The Competition and Markets Authority (CMA) has provisionally found that Facebook’s merger with Giphy would be harmful to competition between social media platforms.
The merger brings together Facebook, the largest provider of social media sites and display advertising in the UK, with Giphy, the largest provider of GIFs.
If the Competition and Markets Authority’s (CMA) competition concerns are ultimately confirmed, it could require Facebook to unwind the deal and sell off Giphy in its entirety.
The watchdog’s investigation found that if there was a reduction in choice or quality of GIFs – which are used in millions of social media posts daily – it could pressure users to switch to a different platform, such as one of Facebook’s platforms.
If Facebook, which owns Instagram and WhatsApp, also owned Giphy, it could lead the social media giant to deny the GIF platform to other social media sites.
Millions of posts every day on social media sites now include a GIF. Any reduction in the choice or quality of these GIFs could significantly affect how people use these sites and whether or not they switch to a different platform, such as Facebook. As most major social media sites that compete with Facebook use Giphy GIFs, and there is only one other large provider of GIFs – Google’s Tenor – these platforms have very little choice.
The CMA provisionally found that Facebook’s ownership of Giphy could lead it to deny other platforms access to its GIFs. Alternatively, it could change the terms of this access – for example, Facebook could require Giphy customers, such as TikTok, Twitter and Snapchat, to provide more user data in order to access Giphy GIFs.

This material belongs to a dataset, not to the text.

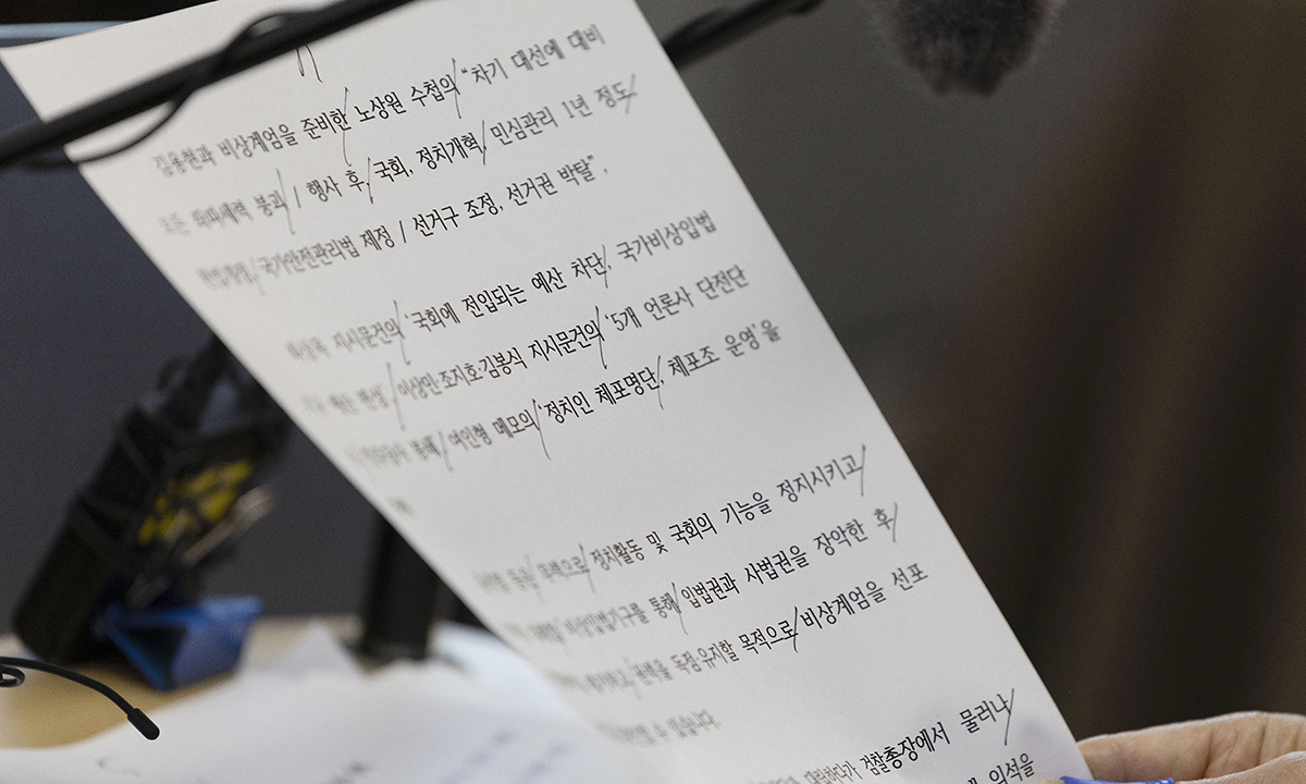 ‘정치인 체포명단’ 선명한 특검 발표문 15일 조은석 특별검사가 들고 있는 발표문에 ‘선거구 조정’, ‘정치인 체포명단’ 등의 문구가 적혀 있다. 12·3 비상계엄 관련 의혹을 수사해 온 내란 특별검사팀은 윤석열 전 대통령의 계엄 선포 목적을 ‘권력 독점과 유지’로 규정했다. 최상수 기자 |
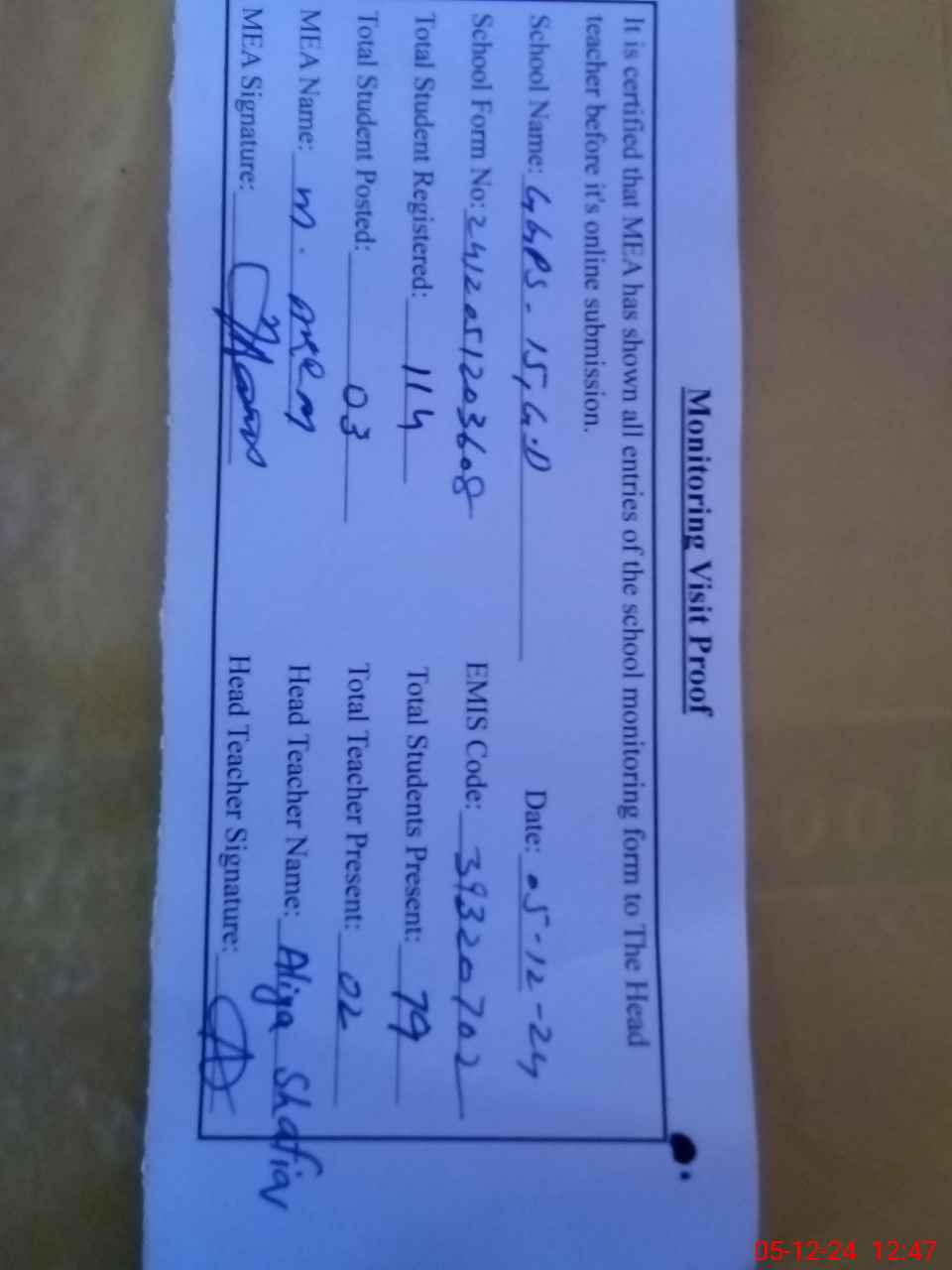 | Attendance Register | Head Teacher | MEA with School | Visit Proof |

Such actions could increase Facebook’s market power, which is already significant. The CMA’s analysis suggests that Facebook’s platforms – Facebook, WhatsApp, and Instagram – account for over 70% of the time people spend on social media and are accessed at least once a month by 80% of all internet users.
Impact on digital ‘display’ advertising
Before the merger, Giphy was offering innovative paid advertising in the US, which had the potential to compete with Facebook’s own display advertising services. This allowed companies – including customers such as Dunkin’ Donuts and Pepsi – to promote their brands through visual images and GIFs.
The CMA found that, prior to the deal, Giphy was considering expanding its advertising services to other countries, including the UK. This would have brought a new player into the advertising market and a potential challenger to Facebook. It would also have encouraged greater innovation from others in the market, including social media sites and advertisers.
However, Facebook terminated Giphy’s paid advertising partnerships following the deal, meaning an important source of potential competition has been lost.
This is particularly concerning given Facebook’s existing market power in display advertising – as part of its assessment, the CMA found that Facebook had a share of around 50% of the £5.5 billion display advertising market in the UK.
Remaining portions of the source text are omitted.